The End of Centralia's Graffiti Highway
Atlas Obscura reports the end of a stretch of old highway in Delaware that over the years has become decorated with graffiti.
A trio of camera-toting 20-somethings stumble out of a Delaware-plated Honda Civic onto the shoulder of a rural Pennsylvania highway. It’s summer 2020, and amid the pandemic, they’ve road-tripped nearly three hours up circuitous, mountain roads to reach their off-the-grid destination: the notorious, smoldering, coal-country ghost town of Centralia. They’ve come to this remote corner of Columbia County to take in one sight in particular, the vast spray-painted surface a mile of the former Route 61, commonly known as “Graffiti Highway.”
But, to their surprise, the promised anarchic, visual feast just beyond the “No Trespassing” signs is gone. As of early April 2020, the colorful art, scrawled wisdom, and periodic vulgarity of the highway was officially laid to rest by the property’s current owners, Pagnotti Enterprises, on the grounds that one person’s postapocalyptic wonderland is another entity’s liability. The road’s messages—from “You fell in love with my flower but not my roots,” to “Out of nothing came everything,” to “OBEY … if you want to”—now rest beneath pyramids of dirt.
Formally closed in 1993 due to a decades-long mine fire simmering beneath its surface, this abandoned 0.74-mile stretch of road had achieved cult status in the first decade of the 2000s. After years of disuse, it took on new life as an artistic commons adorned with everything from pineapple-carapaced turtles to less-than-family-friendly fare, often of the male anatomical variety.

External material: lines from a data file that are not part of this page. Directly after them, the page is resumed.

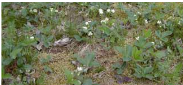
Skovjordsbær i blomst

På de kort der er ved hver banesti er der angivet nogle seværdigheder. Det er ikke alle seværdigheder der er vist, så besøg turistkontoret for at få oplysninger om den egn, hvor banestien forløber.
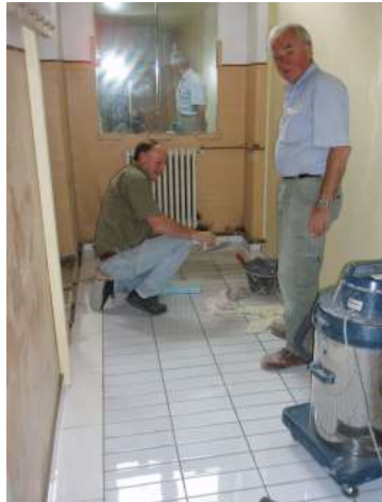
In der Mädchen-Garderobe sind die Wände schon montiert und die Bodenplatten werden ausgefugt.
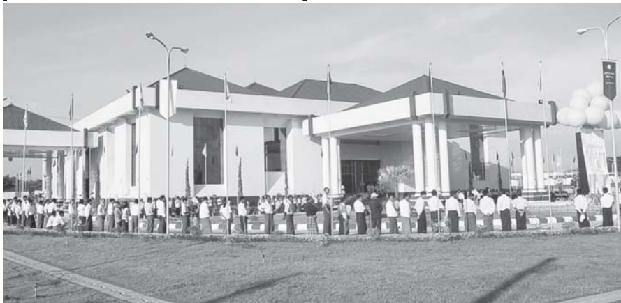
နေပြည်တော် အောက်တိုဘာ ၂၃

နိုင်ငံတော် အေးချမ်းသာယာရေးနှင့် ဖွံ့ဖြိုးရေးကောင်စီ အတွင်းရေးမှူး(၁) ဒုတိယဗိုလ်ချုပ်ကြီး သီဟသူရတင်အောင်မြင့်ဦး သည် ယနေ့ နံနက် ၈ နာရီတွင် ကျင်းပသည့် မြဝတီဘဏ် လီမိတက်(နေပြည်တော်) ဘဏ်အဆောက်အအုံသစ်နှင့် ဘဏ် ဖွင့်ပွဲအခမ်းအနားသို့ တက်ရောက်အားပေး ချီးမြှင့်သည်။
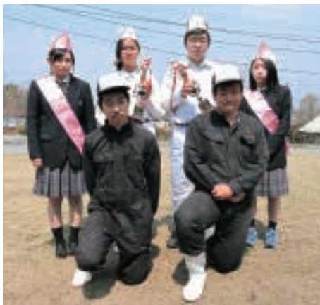
活躍した動物科学部員

出場した選手は「日頃の部活動の成果が認められ、大変うれしかった。秋の福岡県共進会に向け、さらに牛の手入れ・調教に頑張っていきたい。」と抱負を語っていました。
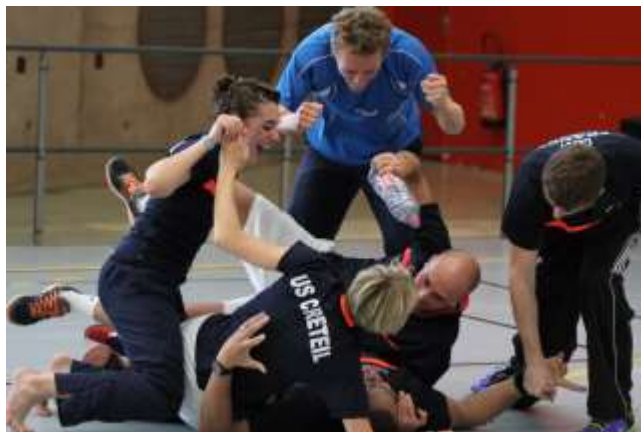
La joie éclate après la victoire.

(Retrouvez l'intégralité de l'Interview exclusive de Didier NOURRY sur badminton.uscreteil.com )
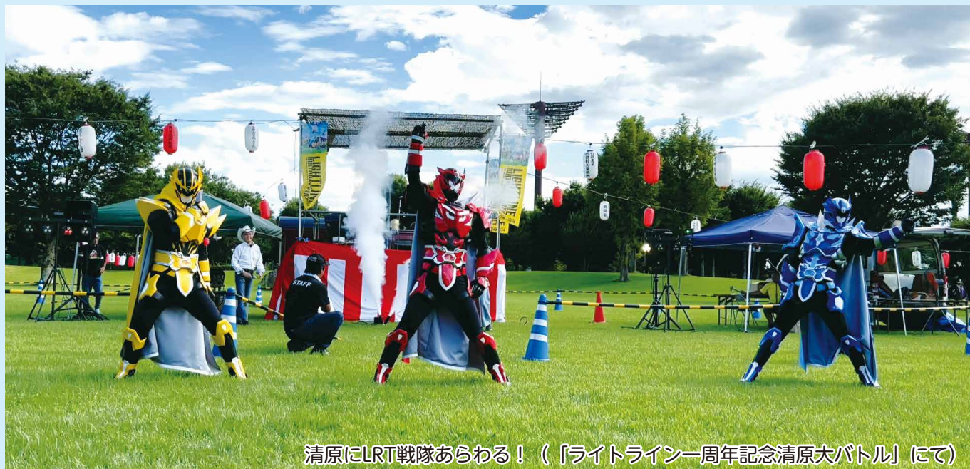
清原にLRT戦隊あらわる！（「ライトライン一周年記念清原大バトル」にて）

By 2017, it was anecdotally cited by some locals as the sixth-most-visited attraction in the state. Its warped surface was a magnet not just for taggers, but also for horror fans and gamers in search of one of the inspirations behind Silent Hill (the 2006 movie based on the video game), mountain bikers, skaters, ATV enthusiasts, photographers, local party people, ghost hunters, and the generally curious.
Around the Graffiti Highway, a new community sprang up, one born of—yet completely separate from and sometimes opposed by—the one that preceded it. As Johnson notes, it became a space where people chose to assert, through their tags, that “I was here, I can be here, I’m a part of this.” With interest fueled by Facebook groups, the Silent Hill franchise (Roger Avary, one of the screenwriters behind the film adaptation of the horror game, cites Centralia as an atmospheric muse), and cable television features, it morphed into Centralia 2.0. The Graffiti Highway became Centralia’s new public square, offering visitors a barrage of constantly evolving, often droll, visual novelty.
As the highway’s popularity grew, the remaining locals called for increased patrols and citations. Some reported that the graffiti was creeping away from the highway and into neighboring areas, including cemeteries. Planned events, including a Barbie Power Wheels race that drew hundreds of RSVPs in February 2017, prompted enforced closures. Still, other observers—including Dave DeKok, author of Fire Underground: The Ongoing Tragedy of the Centralia Mine Fire—point out that accidents on the site were few and far between. On April 8, DeKok told a local news outlet, “It was just a lot of people coming together. It was a lot of fun and it wasn’t hurting anyone.”
During the week of April 6, a three-day burial process took place. A convoy of 400 dump trucks descended on the area, delivering between 8,000 and 10,000 tons of dirt. One by one, their beds were lifted and tailgates opened. Cascades of dirt piled onto the colorful marks below.
The Graffiti Highway’s end has not gone unmourned or uncontested: several change.org petitions have called on officials and business leaders to reverse the burial. At press time, one appeal to Governor Tom Wolf had nearly reached its goal of 35,000 signatures. Impassioned, wistful remembrances, forlorn musings, and heartfelt pleas fill the comments. People refer to it as “one of the most beautiful places in Pennsylvania,” a “place of free expression, creativity and adventure.” One person declares its destruction, “a disservice to the beauty of human art juxtaposed in nature.”